Jenkins incorporates these vegetables into countless recipes. Some favorites include a cold, composed corn salad like his mother and grandmother made in the past, made up of silver king corn, tomatoes, scallions, cucumber, parsley, and other ingredients. He creates many other side dishes, like a fresh cucumber salad, a corn flight, and he even pickles many of the vegetables. There are over 20 menu items at the brewpub that feature something from the garden.
Brett explained that responsibly sourced food carries a lot of weight in the food industry. Many restaurants claim to serve organic food, but sticklers on the topic often discover, upon deeper inquiry, that the products aren’t always as pure as the claims that were made–and these vegetable enthusiasts end up disappointed. In the case of Coldwater Mountain Brewpub, the heirloom vegetables grow in their purest, healthiest form. “The idea that something like that [an organic garden] could be here in my hometown, that I could be a small part of it, is huge.”

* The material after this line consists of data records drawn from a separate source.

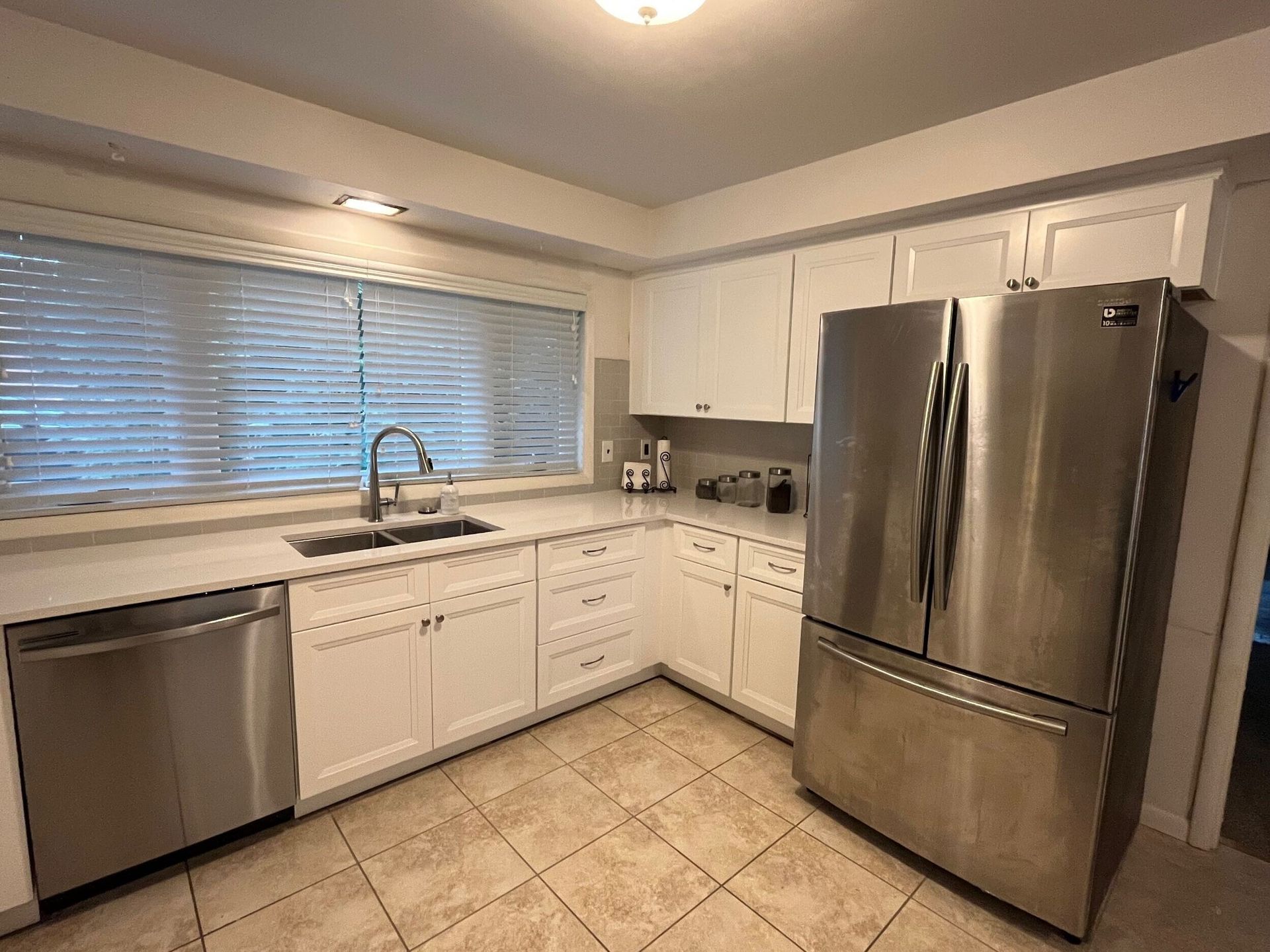 Refreshing the kitchen in updated white cabinets and snowflake countertops made this kitchen a hit with homebuyers.
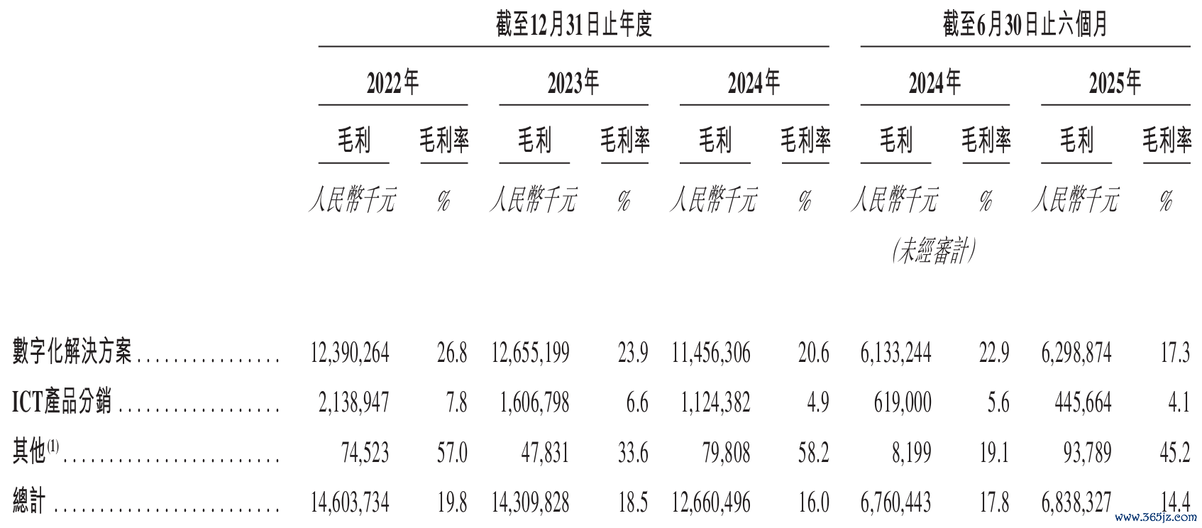 与此同期,公司毛利率的变化也反馈出这种趋势。凭证招股书,2022至2025上半年,紫光股份全业务线的毛利率均出现抓续下落,数字化处分有斟酌的毛利率失守20%,ICT产物分销业务的毛利率也跌至5%以下。公司的全体毛利率也从2022年的19.8%降至2024年的16%,2025上半年更是进一步降至14%。
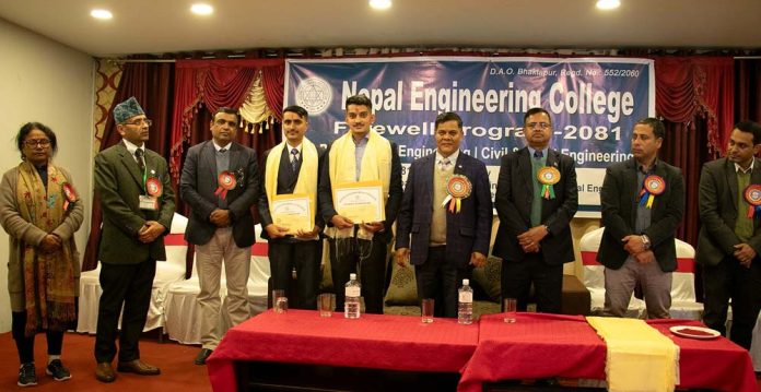 विदाई कार्यक्रममा नव इन्जिनियर विद्यार्थीहरुले ४ वर्षे स्नातक तहको अध्ययनका क्रममा विताएका पलहरुको स्मरण गर्दै प्राध्यापकहरु र कलेज परिवारलाई धन्यवाद दिएका थिए । कार्यक्रममा विद्यार्थीहरुलाई विभिन्न अवार्ड र पुरस्कारबाट सम्मानीत गरिएको थियो । चेयरमेयर गोल्ड अवार्ड राजेन्द्र पौडेल र शीतल पाण्डेले प्राप्त गर्दा प्रोग्राम टपर अवार्ड भने राजेन्द्र पौडेल र शीतल पाण्डेले संयुक्त रुपमा र बिबेक भण्डारीले प्राप्त गरेका थिए । कार्यक्रममा विषयगत अवार्डहरु पनि प्रदान गरिएको थियो ।
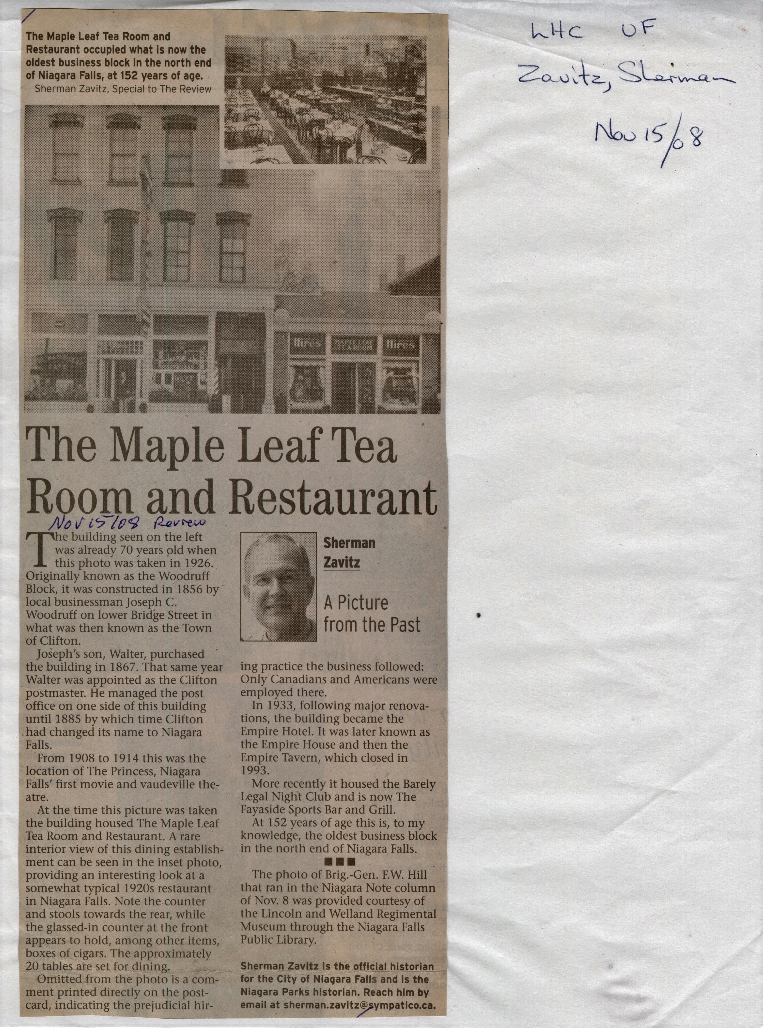 - Niagara Then and Now Newspaper Column Collection : The Maple Leaf Tea Room
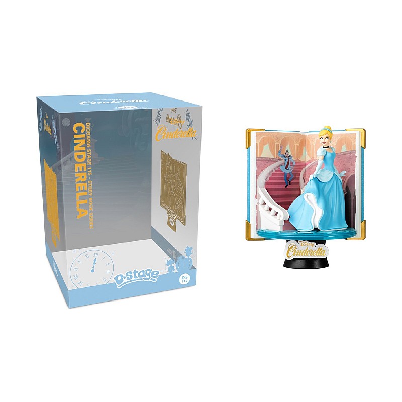 În dioramă, eleganta Cenușăreasă coboară scările, cu Marele Duce care o urmărește în fundal.
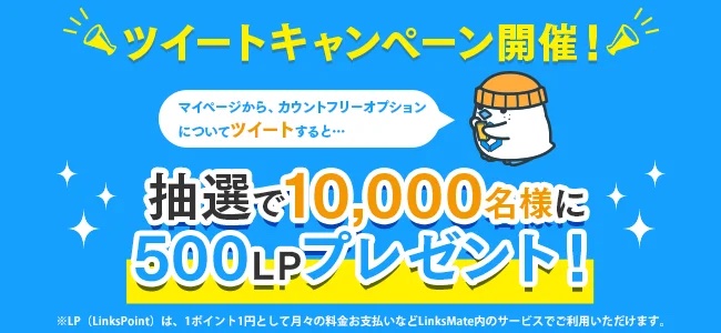 またLinksMateのマイページからカウントフリーオプションを紹介する投稿をTwitterにて行った人の中から抽選で合計1万人に500LPをプレゼントするキャンペーンを実施し、応募期間は2023年2月7日(火)〜2023年11月30日(木)18:00までの10カ月間となっており、期間は毎月の全10回に分けられてそれぞれ1000人が当選されるということです。
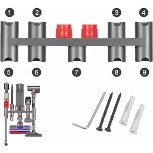 【Compatible Models】Accessory Holder Compatible with original docking station Can be used with original charging station, create your organization system for Dyson V7 V11 V8 V10 SV10 SV11. 【Premium Design】Using high quality materials, fine polishing and graphic design make the color closer to the original product, perfect performance. 【Save Space and Time】Each accessory holder comes with an adapter in the docking station, allowing you to easily organize messy accessories and save space in your home. your home. 【Firmness and Security】Our Mount Holder accessory has a large load-bearing capacity and cannot fall off, which can protect your attachment. 【Package Includes】1x Accessory Holder, 1 x Hex Screwdriver, 2 x Screws, 2 x Expansion Screws. There are 9 slots, enough for daily needs. Accessory Holder for Dyson Accessory Holder for Dyson Superior design With 9 card slots in your docking station, the wall mount won't take up floor space, neat and beautiful. The wall-mounted design does not
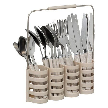 Set di posate 24 pezzi Geo in plastica con supporto beige
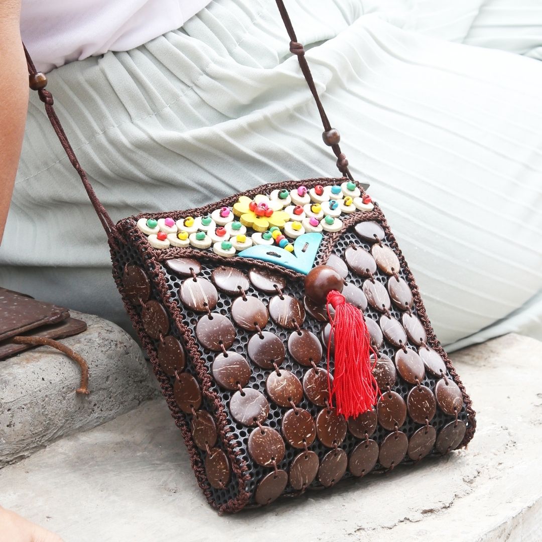 Natural fashion is fun with coconut bags. A beautiful accessory to add to your outfit. A unique, attractive gift to give and receive!
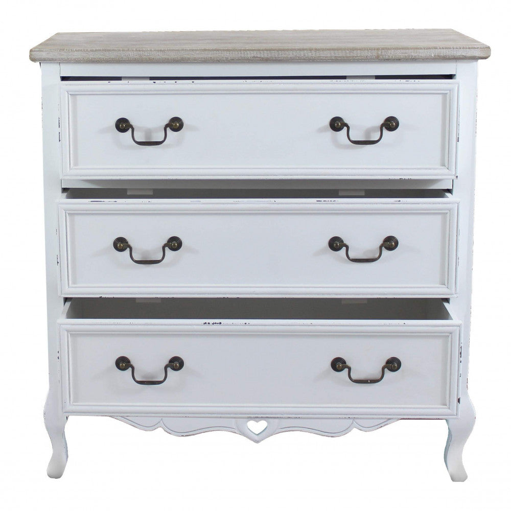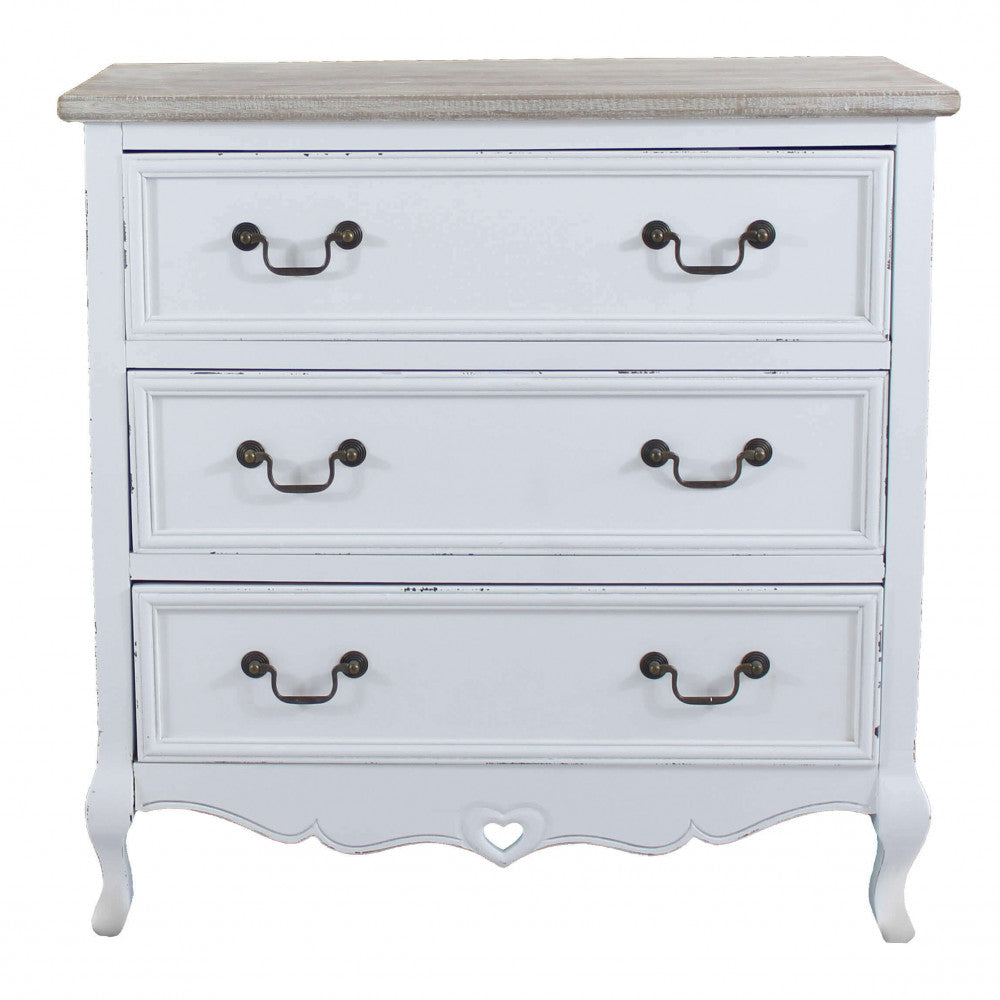 Kommode Herz 3 Schubladen 80x38x80 h cm aus weißem Paulownia-Holz

A special feature of the Clonts Memorial Urban Farm is a “secret garden” tucked away in the center. Reached by a narrow path, the square area is encased in string lights and houses a grilling station for cooking, and long wooden tables and chairs for a unique outdoor dining experience. It’s a place for special events like the pop-up kitchen Jenkins hosted this past week. Also, it’s a special spot for quiet reflection for people like Clonts family members, who are always welcome to visit.
Besides the Clonts Memorial Urban Farm, the Michael Matthew Clonts Memorial Scholarship was set up as part of the Leadership Calhoun County (LCC). It’s a program of the Calhoun County Area Chamber and Visitors Center that provides leadership resources. This scholarship is awarded to two individuals yearly, being an ongoing tribute to Matt Clonts’s contributions to the LCC program.
You can view this stunning vegetable garden and partake of its bounty on the elevated menu at Coldwater Mountain Brewpub located at 1208 Walnut Ave., Anniston, Alabama.